__EXERCISE PROMPT__
Leaving the pictures aside, transcribe only and exactly the lines from the one with "child bike seats." through the end of the entries, both included.

Saved entries
- Opening Delimiter -

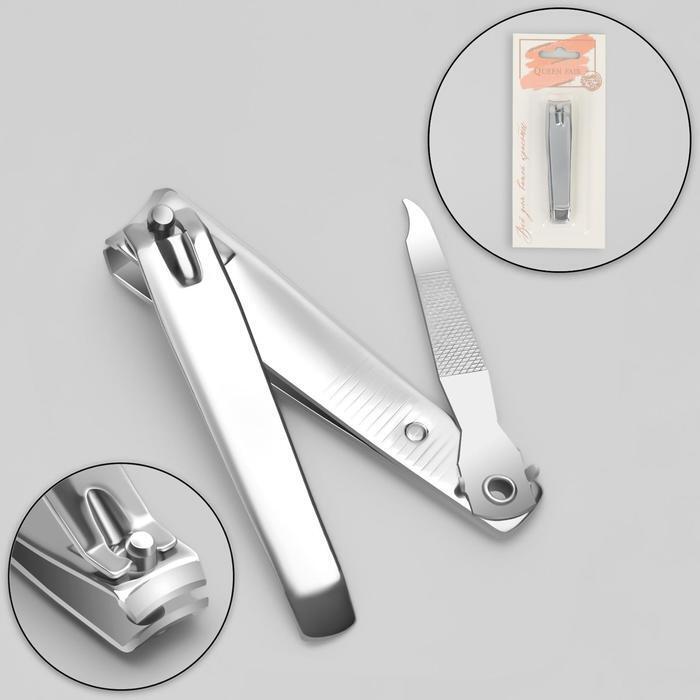 Кусачки-книпсер педикюрные, с пилкой, 8 см, на блистере, цвет серебристый
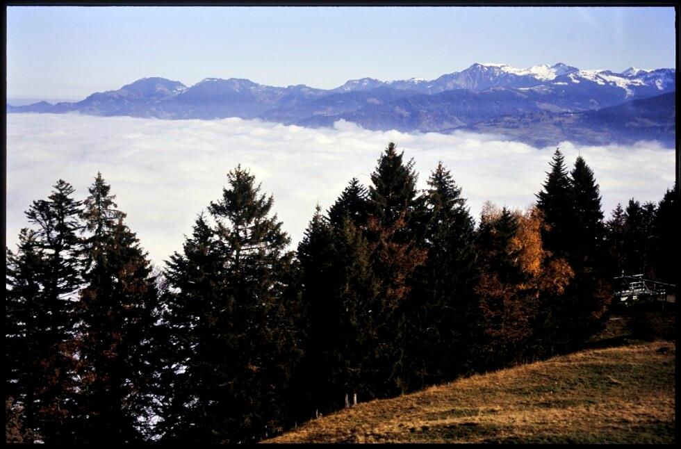 [Frastanz, Blick von Amerlugalpe auf Rheintalnebel]
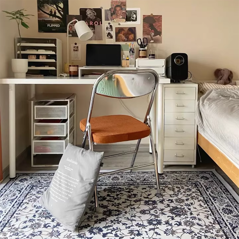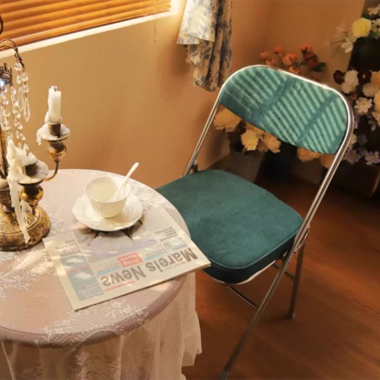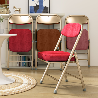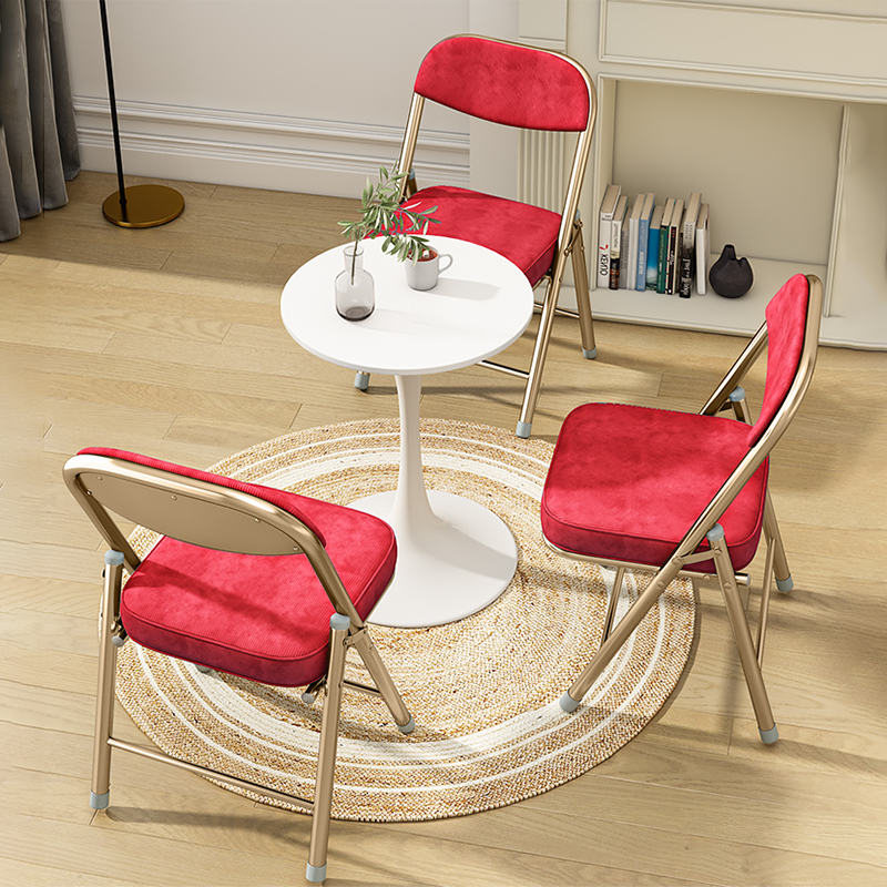 This foldable office chair combines retro charm with modern function. featuring a soft corduroy seat. supportive backrest. and sleek electroplated metal frame. Available in pink. red. blue. and brown. it requires no installation and folds easily for space-saving storage��perfect for offices. study rooms. or compact living areas.
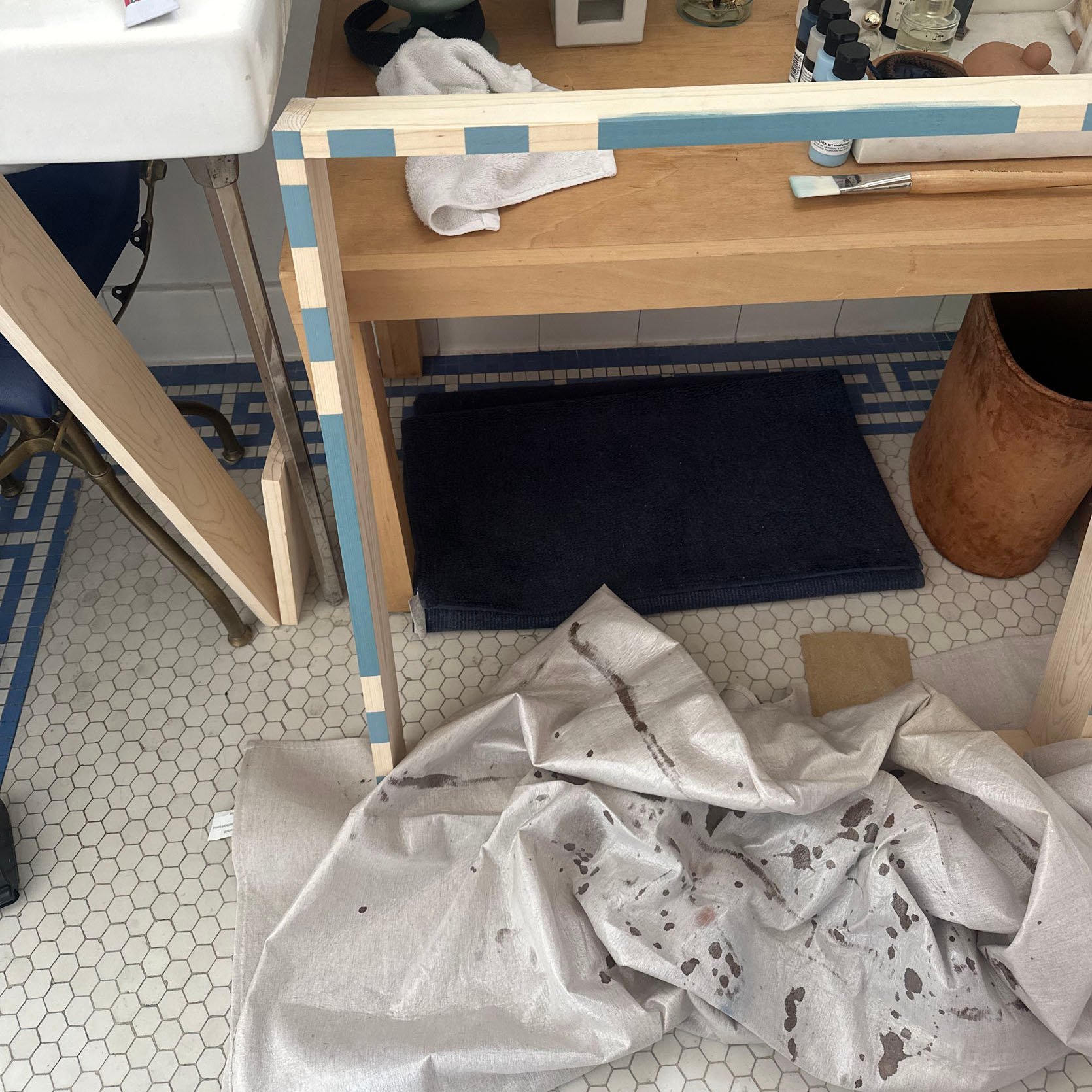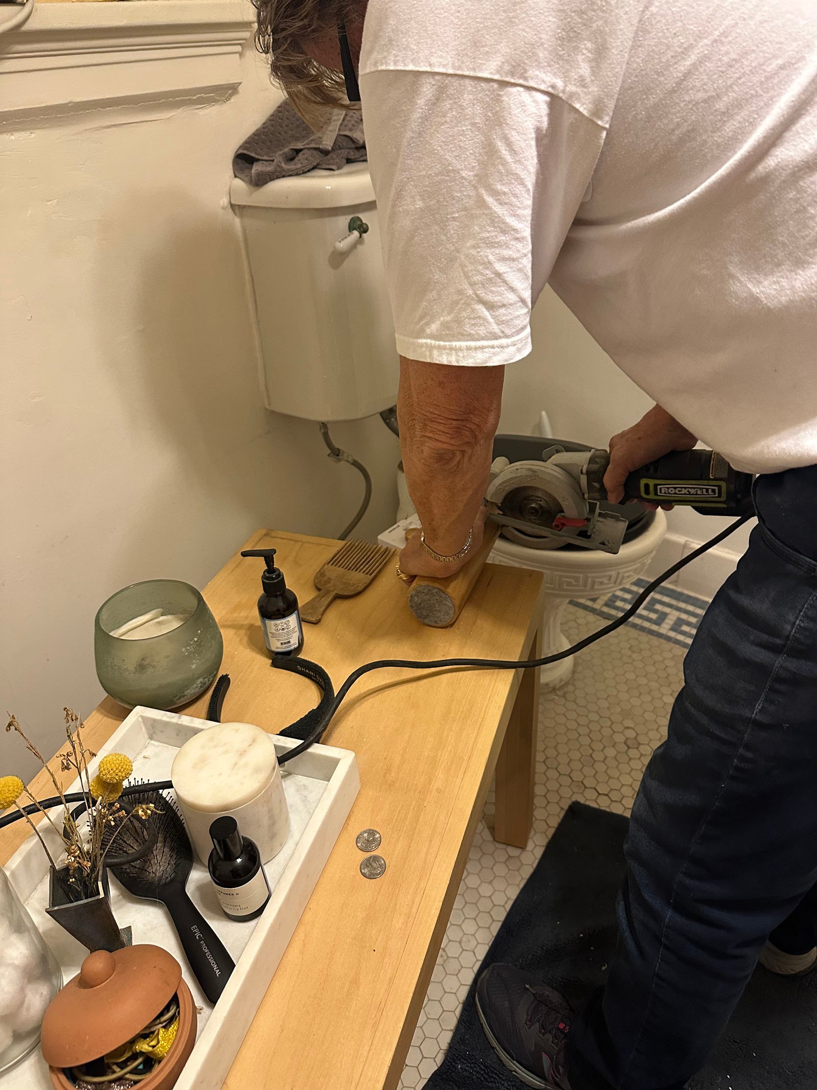 Then last year, I saw this ottoman on Target’s website and thought it could work. I knew it was too tall from the online description, so I went to potentially buy it in person and check to see if dear ole dad (or me) could chop off a few inches from the wooden legs. Well, as you can see from the workshop in my bathroom, it was a success.
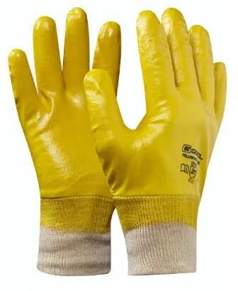 Munkavédelmi nitril kesztyűk SÁRGA NITRIL PLUS 10-es méret - bliszter Nitril-bevont pamutkesztyű. Tartós olajok és zsírok.
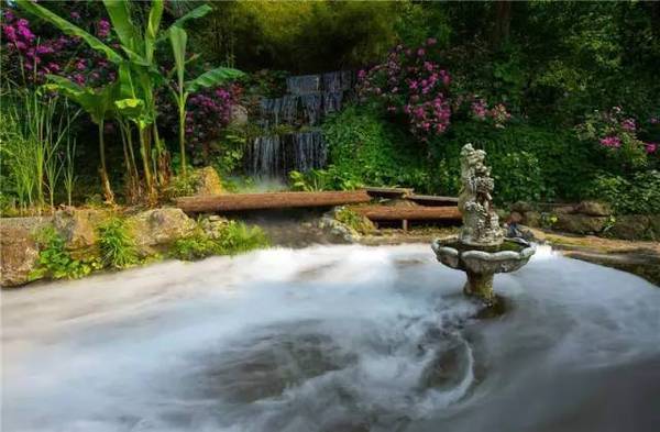 山泉從山上自然流進園子,
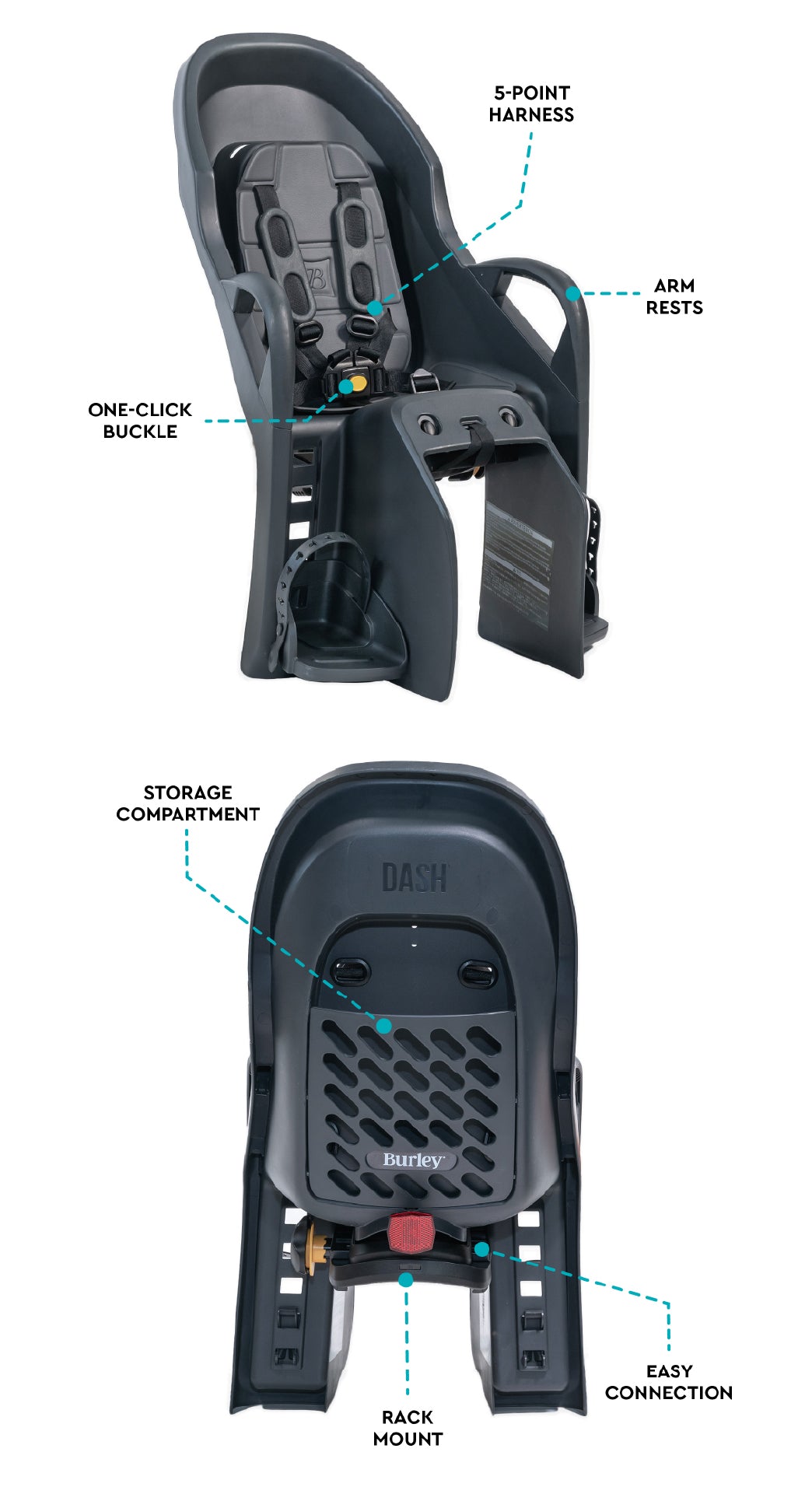 • The Burley Rear Rack is designed to work seamlessly with the Dash RM and meets all safety standards for child bike seats.
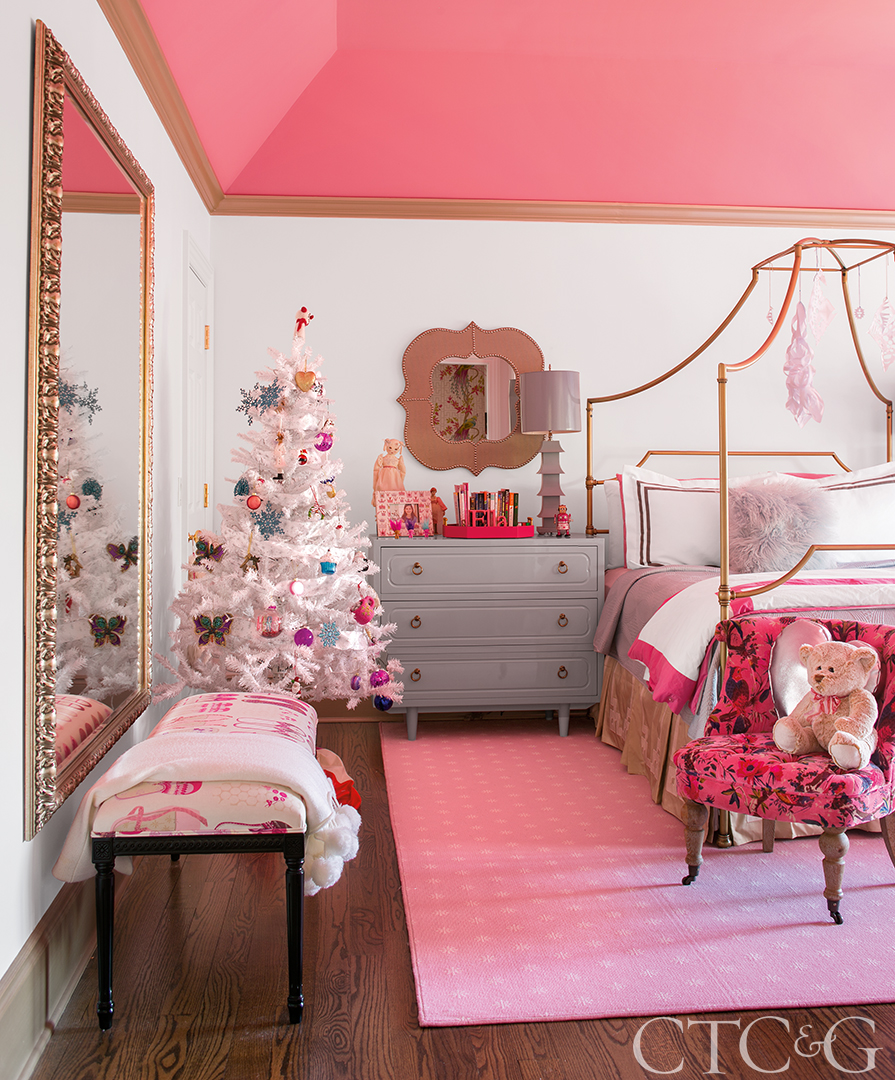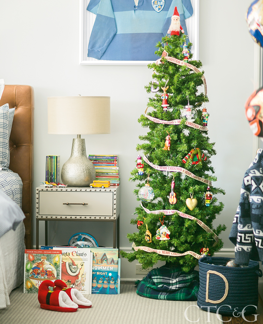 And that’s just one of four trees in the house—another occupies the second-floor landing, two more are in the children’s rooms, decorated with ornaments of their choosing. Last year, Ella, opted for a white tree with pink lights, while Daniel, chose a dog motif. Meanwhile, in the kitchen, two strings stretched across the window of the breakfast nook display an impressive collection of holiday cards. “It’s the first of the holiday décor to go up,” says Ehrlich. “And it’s the last to come down.”

- Closing Delimiter -

__ANSWER SPACE__
 • The Burley Rear Rack is designed to work seamlessly with the Dash RM and meets all safety standards for child bike seats.
 And that’s just one of four trees in the house—another occupies the second-floor landing, two more are in the children’s rooms, decorated with ornaments of their choosing. Last year, Ella, opted for a white tree with pink lights, while Daniel, chose a dog motif. Meanwhile, in the kitchen, two strings stretched across the window of the breakfast nook display an impressive collection of holiday cards. “It’s the first of the holiday décor to go up,” says Ehrlich. “And it’s the last to come down.”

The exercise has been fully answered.